In one embodiment of the staples of the present invention, the fibers are “shoulder length fibers” which run across the bridge of the staple and extend past the shoulders of the staple at each side of the staple and run into the leg of the stable, but do not extend completely along the entire span staple. In one embodiment, the shoulder length fibers extend at least 0.5 mm, at least 2 mm, at least 1 mm, at least 4 mm, at least 5 mm, or at least 8 mm past the end of the shoulder. In one embodiment, the shoulder length fibers extend partially along the entire span of the staple.
In one embodiment of the staples of the present invention, the fibers are “bridge length fibers” which run across the bridge of the staple but do not extend past the end of shoulders 201. In one embodiment, the bridge length fibers do not extend past the start of the shoulder 200 (FIG 2).

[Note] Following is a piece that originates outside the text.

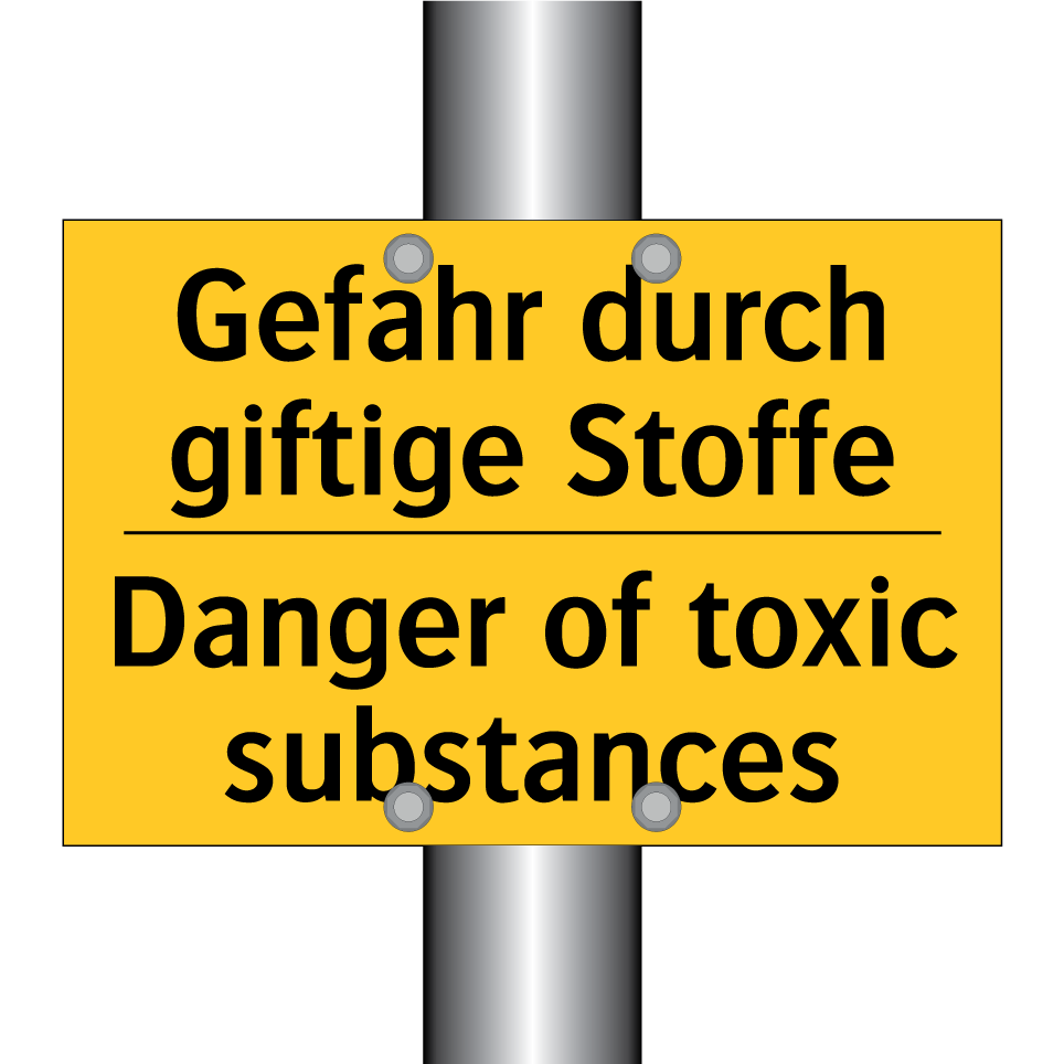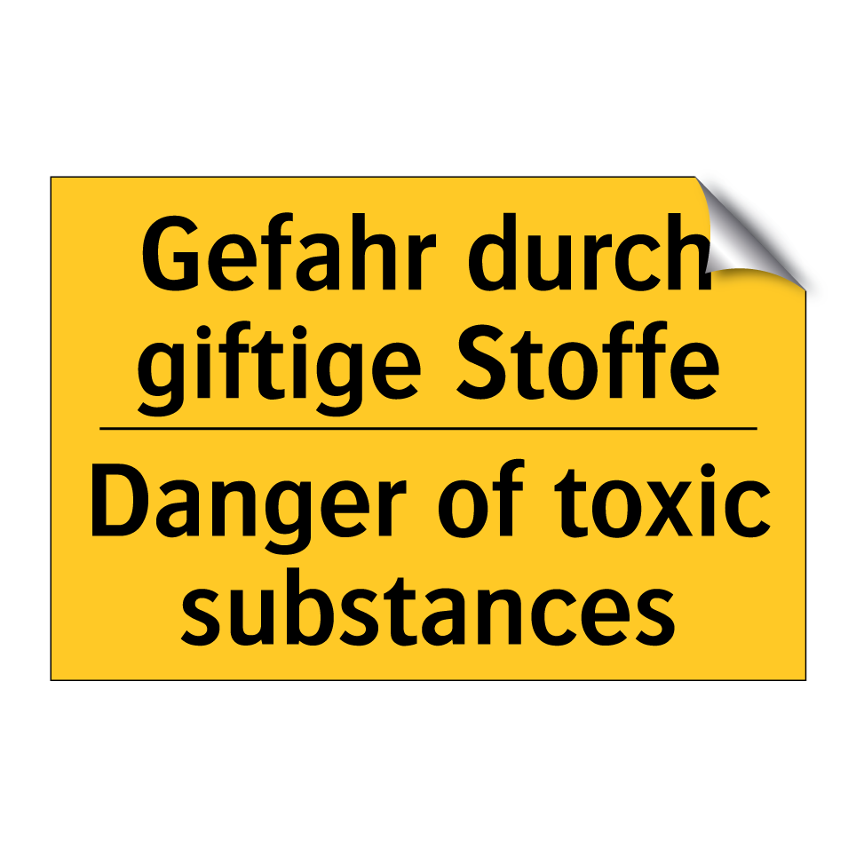 Zweisprachiges Warnschild mit deutschem Text Gefahr durch giftige Stoffe und englischem Text Danger of toxic substances

In one embodiment of the staples of the present invention, fibers are “mid-length fibers” which run from the tip of the staple leg past the shoulder and into the bridge of the staple. In one embodiment the mid-length fibers run from the tip of the stable leg past the shoulder and 10%, 20%, 30%, 40% or 50% of the length of the bridge.
In one embodiment of the staples of the present invention, the fibers are “leg length fibers” which run from the tip of the staple leg through the top of the staple leg and extends past the shoulder into the bridge. In one embodiment, the leg length fibers do not extend past the start of the shoulder 200. In one embodiment, the leg length fibers do not extend past the end of the shoulder 201 (FIG 2).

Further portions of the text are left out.